If you do two phase with on the secondary in the primary water loop, you can actually put the heat exchanger system on top of the rack and it may work without pumps.
But the bottom line is on the primary cooling site, water coolers are very efficient, but they assume you have abundant water. In any area where there's no abundant water, you can try adiabatic coolers, which save about 80% of that water, or you have to go to dry coolers, which work best if the climate is cold, or you just do two phase, which doesn't need any water, of course.
And this is a picture of a two-phase primary system, which uses a water secondary system. And there's no pumps in the system going up to the roof to exchange the heat with the environment.
So the bottom line is liquid cooling is more complex than air cooling. No question about that. It takes a lot of time of upfront planning, investment, validation of components.
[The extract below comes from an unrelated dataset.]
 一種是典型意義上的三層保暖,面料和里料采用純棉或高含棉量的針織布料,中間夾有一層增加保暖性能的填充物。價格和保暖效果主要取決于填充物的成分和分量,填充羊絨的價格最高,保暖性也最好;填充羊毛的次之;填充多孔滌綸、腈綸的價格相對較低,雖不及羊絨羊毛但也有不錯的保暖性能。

Today this has been a fairly unique design process, and we need to get ready for mass production here.
So in my mind, Open Compute will play a very important role here to validate these types of solutions and to, oh, sorry, I was going to mention there are 30 talks at OCP today, tomorrow, and on Thursday, that if you're interested in liquid cooling, please pay attention to all in aqua color on the schedule.
And then there was many documents published by Open Compute contributors over the years. I think over the last four to five years, that are great reading for those of you who are not kept up with these things. And I wanted to thank all the people who contributed to both the working groups and all of these documents that are kind of the basis of what we know today about liquid cooling. And I think this was my last slide.
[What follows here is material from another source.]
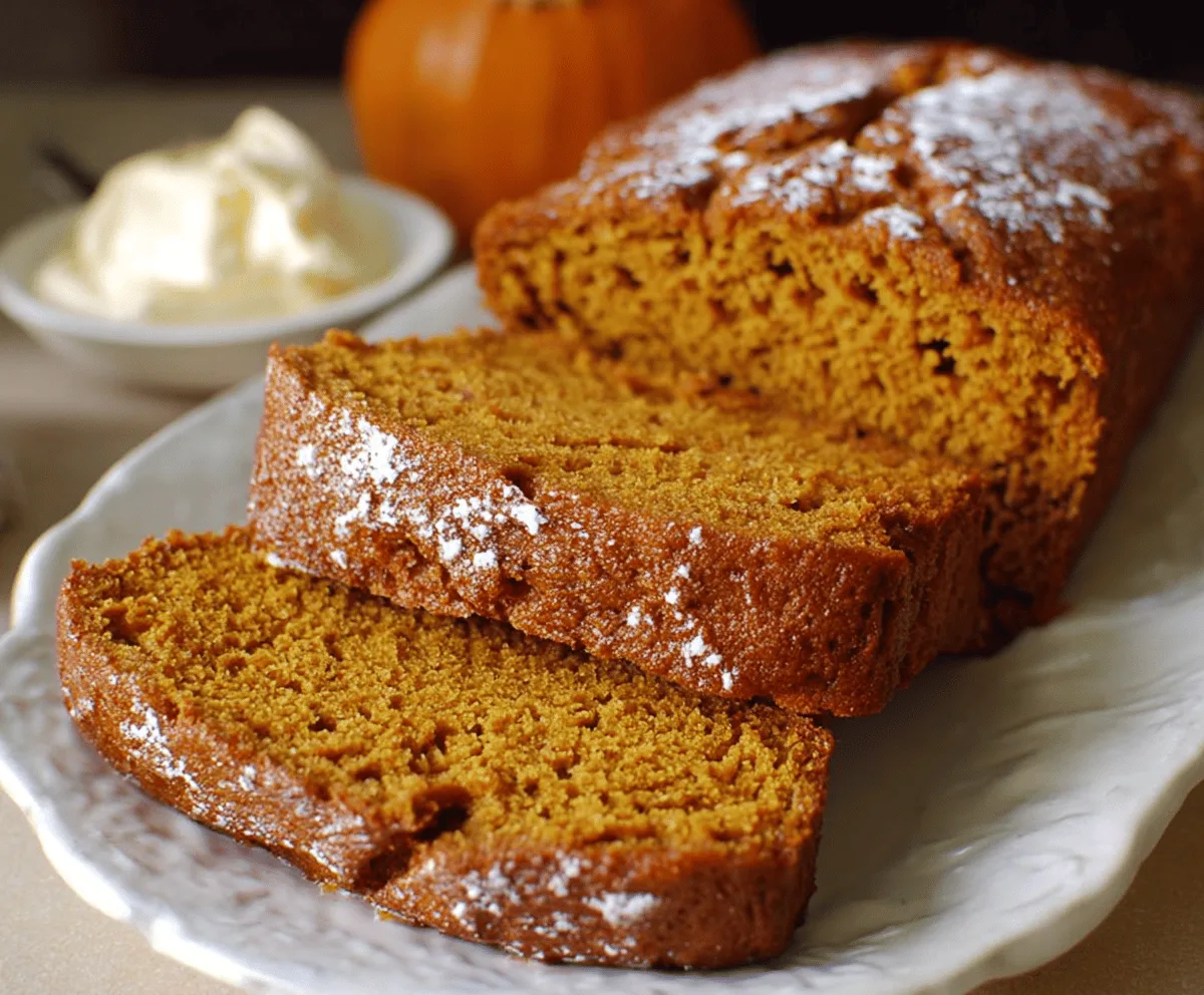 Let the pumpkin bread cool in the pan for about 10 minutes, then gently remove it and transfer to a wire rack to cool completely. Once cooled, you can dust the top with powdered sugar if you like. Slice and enjoy plain or with a bit of whipped cream or cream cheese spread for extra yum!

Do we have room for questions? Two minutes past, but do you want to do two questions? Two questions, okay.
I think there's the mics at the... Can we get the mic going here?
Yeah, that's a much harder question to answer, because this comes back to how much work is accomplished per power, right? The one thing that's clear is that liquid cooling saves power. So compared to air cooling, which uses fans to move air around, it is lower power. But the productivity or the efficiency of the silicon itself is in the design of the chip and the process technology, and how one can optimize that. So I'm afraid I can answer this better. But one thing I wanted to mention here is that when OCP started, it actually started around the notion of a rack. Back then, it was the triple-wide rack and getting rid of unnecessary complexity. And I feel a little bit like we're back to that stage with liquid-cooled racks. Today, liquid-cooled racks are fairly complicated, and some of the Windows peps make it out to be more complex than they need to be. But we need to simplify it and make it like the equivalent of the original air-cooled rack, except it's now all liquid. So that's my hope for OCP going forward.